Each of us, regardless of genotype, is a unique individual.  The more we learn about genetics, it seems even identical twins have some subtle genotype differences.  Furthermore, we each grow up with different experiences and the “nurture” component is just as important, if not more so, than the “nature” component (i.e., our DNA inheritance).  Racial stereotypes should be discarded as relics of a bygone era in which we were unaware of the substantive basis for genetic diversity. 

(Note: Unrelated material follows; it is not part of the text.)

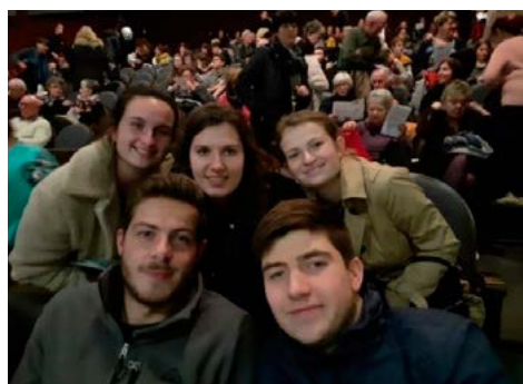
Les étudiants HSE lors d'une représentation.

Le 12 décembre, dans le cadre de leur atelier du jeudi après-midi, la troupe théâtrale de l'IUT était accueillie au Théâtre de Lorient pour une visite très privée ! L'histoire du Théâtre de Lorient, le vocabulaire spécifique du théâtre, les anecdotes, ont été présentés aux acteurs en herbe. Ils ont pu monter sur le plateau démuné de décor, observer la régie technique, visiter les loges, etc. Ils ont aussi découvert la multitude de métiers techniques qui jouent un rôle prépondérant dans de tels lieux : la gestion de la sécurité incendie dans un ERP (Établissement Recevant du Public), la maintenance des centrales de traitement d'air, la régie technique, etc. Des perspectives concrètes pour les étudiants de filières technologiques !

This is not to espouse some pathetic, idealized version of egalitarianism that proposes all people are the same.  That’s so counterfactual as to suggest a monumental blindness to all the evidence that’s in front of us every day.  Individuals all have unique capabilities and handicaps.  People are nowhere near all the same - in fact, each one of us is different from everyone else in the world.  In the face of all that variation, “race” seems ludicrously irrelevant and trivial.  We may have been accustomed in the past to regard those who have obvious physical differences from “us” as being inferior - but the modern reality is that we’re surrounded today by a glorious diversity of genotypes and cultures.  America has slowly struggled to live up to its ideals, but we’ve made enough progress that our communities are more diverse than ever.  We should revel in this diversity and seek to expand our horizons by honoring it and learning from those of us who are “different”. 

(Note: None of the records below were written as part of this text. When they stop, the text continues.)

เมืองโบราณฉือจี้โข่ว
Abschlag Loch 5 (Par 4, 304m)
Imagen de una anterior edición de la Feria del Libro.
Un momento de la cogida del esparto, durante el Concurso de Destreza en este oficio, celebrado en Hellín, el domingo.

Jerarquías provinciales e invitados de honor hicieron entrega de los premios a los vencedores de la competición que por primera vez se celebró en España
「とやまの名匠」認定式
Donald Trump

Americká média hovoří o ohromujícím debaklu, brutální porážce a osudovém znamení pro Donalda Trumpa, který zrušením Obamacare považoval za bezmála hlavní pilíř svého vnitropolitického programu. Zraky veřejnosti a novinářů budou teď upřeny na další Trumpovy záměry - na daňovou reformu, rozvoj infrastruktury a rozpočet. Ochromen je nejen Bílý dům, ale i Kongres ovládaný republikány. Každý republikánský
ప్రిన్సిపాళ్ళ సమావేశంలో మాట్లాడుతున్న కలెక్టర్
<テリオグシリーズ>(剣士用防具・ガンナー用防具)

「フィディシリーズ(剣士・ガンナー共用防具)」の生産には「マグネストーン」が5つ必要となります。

And by the way, I get very tired of "political correctness" when it comes to race. Numerous public figures have been pilloried in recent times for obviously racial remarks. How is it OK for blacks to call each other "nigger" and yet be monumentally offended if a white person uses the very same word? Words are just words. You can only be offended by words if you choose to be. If someone uses such words in a mean-spirited way, perhaps because they believe in racial stereotypes, it says a lot more about them than it does about the person labeled with such a word. When I was in the Army, I had a good friend who was a black man. He called me "honkey" and I called him "nigger" and neither one of us was offended because we had mutual respect for each other. The words clearly were not meant to convey scorn or prejudice - we got along because we found we enjoyed each other's company. That's the way I believe we should respond to such things.

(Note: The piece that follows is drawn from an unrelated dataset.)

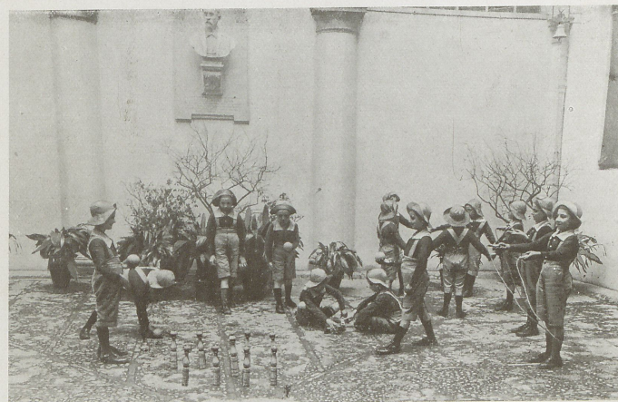
I più piccoli in tenuta estiva da gioco.

donati nel senso più assoluto della parola, poi ai figli naturali riconosciuti da uno dei genitori, rimasti orfani; ed infine agli orfani di un genitore, che avessero l'altro genitore ammalato od impossibilitato a provvedere al loro mantenimento ed alla loro educazione. Si decise anche che i ragazzi sarebbero stati mantenuti nell'Istituto fino al compimento del 18° anno di età ed avviati da un'arte o ad una professione, a seconda delle rispettive inclinazioni ed attitudini.

And whatever happened to a sense of humor? Eddie Murphy, George Carilin, and Carlos Mencia have made a living being comedians using language regarding race that many people would find offensive: nigger, beaner, wop, kike, spick, gook, chink. Even Firesign Theater made fun of these. Personally, I enjoy their humor because they see the ultimate silliness of many of the things we do - their humor has a biting edge to it because some of it hits close to home. Good stuff. And if you want to dish it out, you should be prepared to take it. I'm not easily offended by such things, even when it evidently is aimed at me. It's good to see things as others see them, even if it's not always favorable. I think everyone should ease up a little when it comes to this race thing. I can't make the obvious physical differences go away, but I can accept that every person deserves the chance to show by their actions (not their words) who they really are. And we all need to have a good laugh over some of our silliness once in a while.